(Beginning of MATERIAL FOR THE TASK)

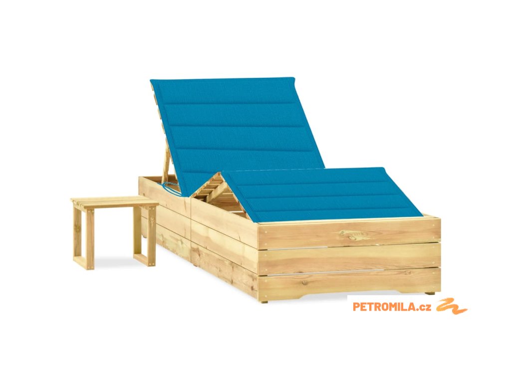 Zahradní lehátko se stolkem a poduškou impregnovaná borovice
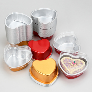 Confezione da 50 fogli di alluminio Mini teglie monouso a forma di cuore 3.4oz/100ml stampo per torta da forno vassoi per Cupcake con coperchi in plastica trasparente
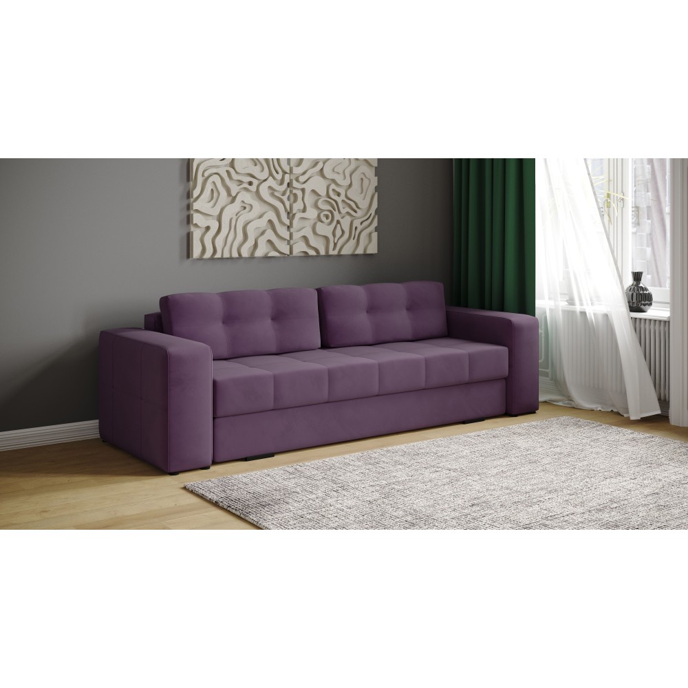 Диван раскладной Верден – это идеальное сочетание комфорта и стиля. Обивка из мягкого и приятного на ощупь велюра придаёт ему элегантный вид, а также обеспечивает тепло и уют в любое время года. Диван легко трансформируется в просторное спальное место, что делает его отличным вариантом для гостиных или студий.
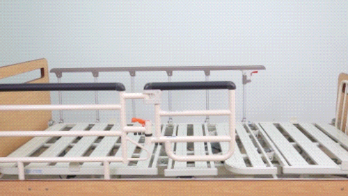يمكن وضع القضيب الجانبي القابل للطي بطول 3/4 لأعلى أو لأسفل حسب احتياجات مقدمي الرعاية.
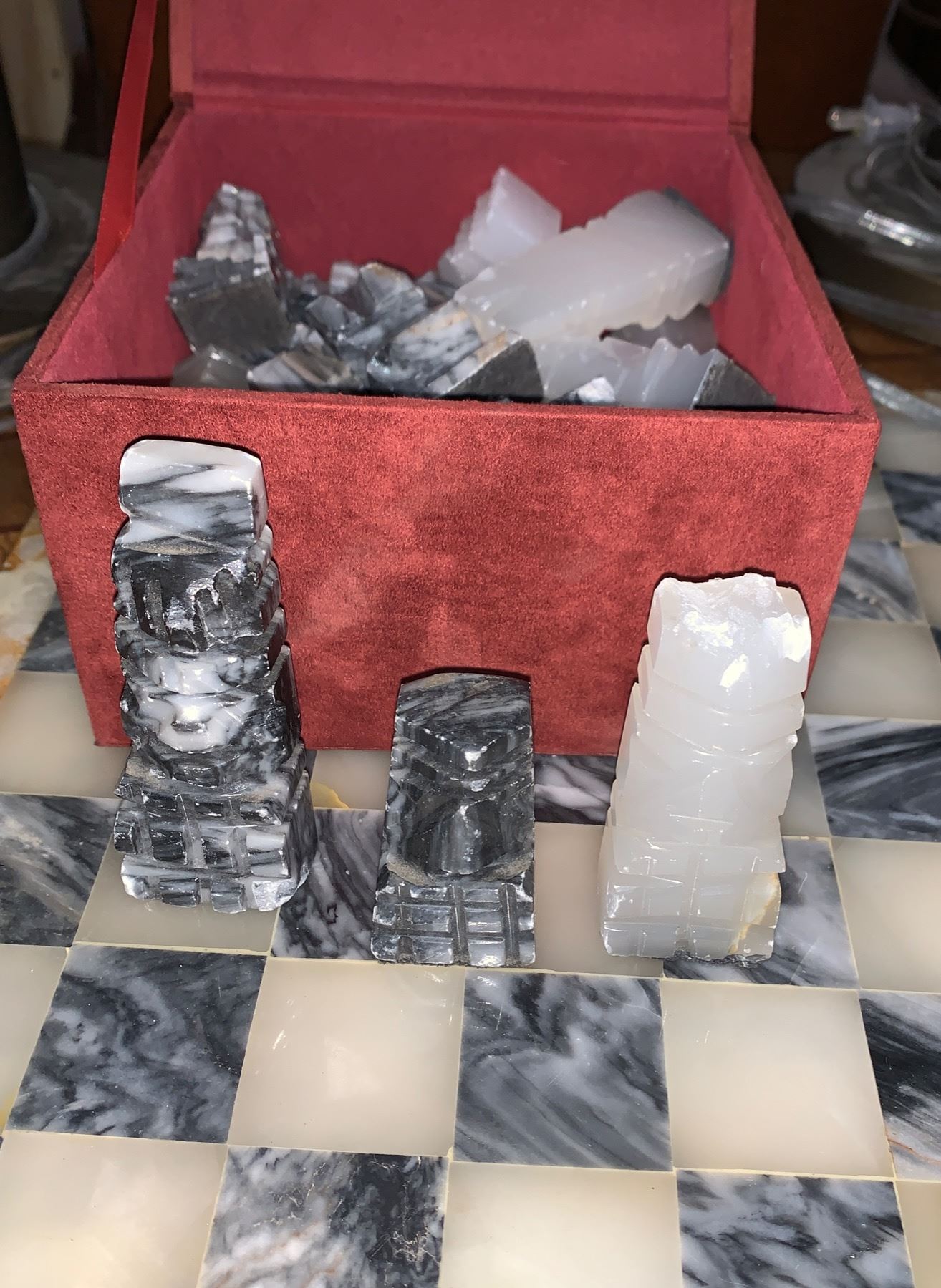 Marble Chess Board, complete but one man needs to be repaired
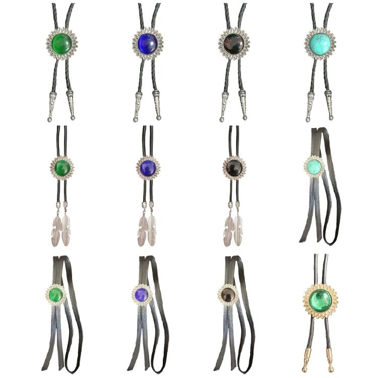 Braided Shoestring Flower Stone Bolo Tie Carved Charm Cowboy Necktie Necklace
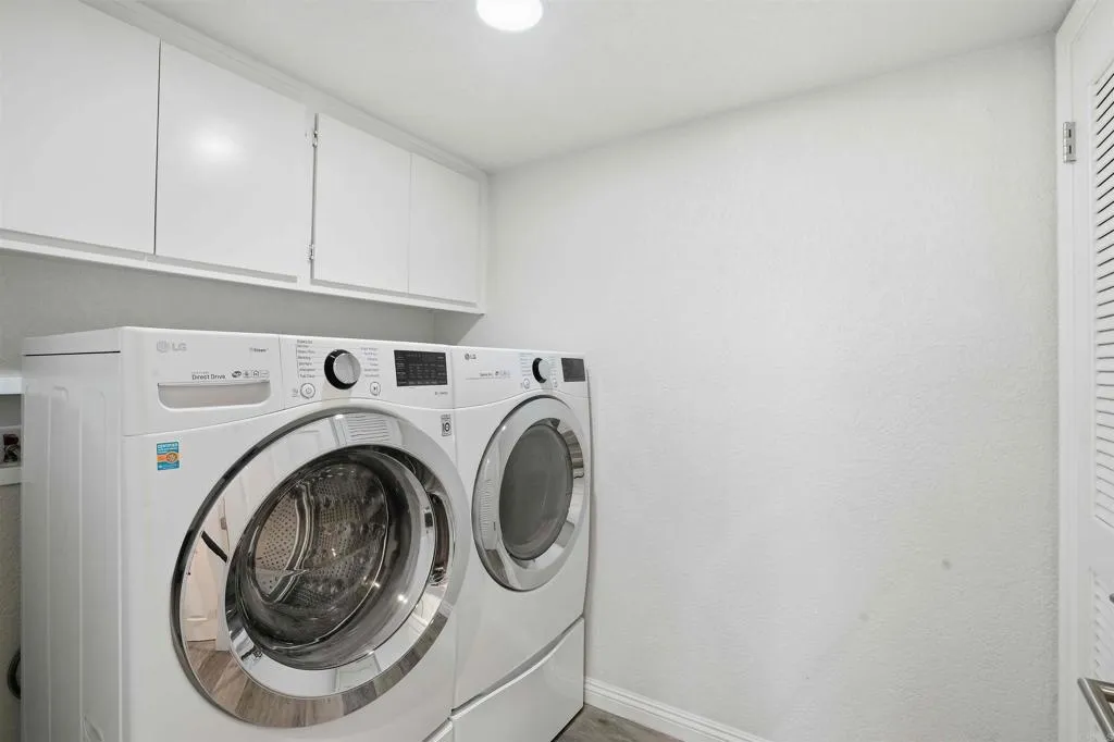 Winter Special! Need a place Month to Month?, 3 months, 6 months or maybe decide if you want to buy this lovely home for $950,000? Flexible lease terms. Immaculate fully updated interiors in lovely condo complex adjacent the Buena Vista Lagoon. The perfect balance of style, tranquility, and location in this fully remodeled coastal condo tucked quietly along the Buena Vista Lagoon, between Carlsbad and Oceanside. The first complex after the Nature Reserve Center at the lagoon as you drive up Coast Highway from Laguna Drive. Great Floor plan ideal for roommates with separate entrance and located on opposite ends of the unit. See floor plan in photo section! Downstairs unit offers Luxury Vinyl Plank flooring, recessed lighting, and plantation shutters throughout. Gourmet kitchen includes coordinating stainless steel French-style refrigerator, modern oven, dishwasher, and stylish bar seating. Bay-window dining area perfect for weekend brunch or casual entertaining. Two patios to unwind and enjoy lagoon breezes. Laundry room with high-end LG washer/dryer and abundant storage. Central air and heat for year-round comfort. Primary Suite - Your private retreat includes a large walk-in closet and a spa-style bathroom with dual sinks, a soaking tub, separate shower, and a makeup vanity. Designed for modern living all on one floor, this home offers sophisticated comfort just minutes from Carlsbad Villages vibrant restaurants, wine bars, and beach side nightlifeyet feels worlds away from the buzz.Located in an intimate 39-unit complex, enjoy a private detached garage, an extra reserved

(End of MATERIAL FOR THE TASK)

WHAT YOU NEED TO DO:
Return the stretch of data that begins with the line showing "Marble Chess Board, complete" and goes on through the line showing "Braided Shoestring Flower", exactly, with pictures removed.

PROBLEM SOLUTION:
 Marble Chess Board, complete but one man needs to be repaired
 Braided Shoestring Flower Stone Bolo Tie Carved Charm Cowboy Necktie Necklace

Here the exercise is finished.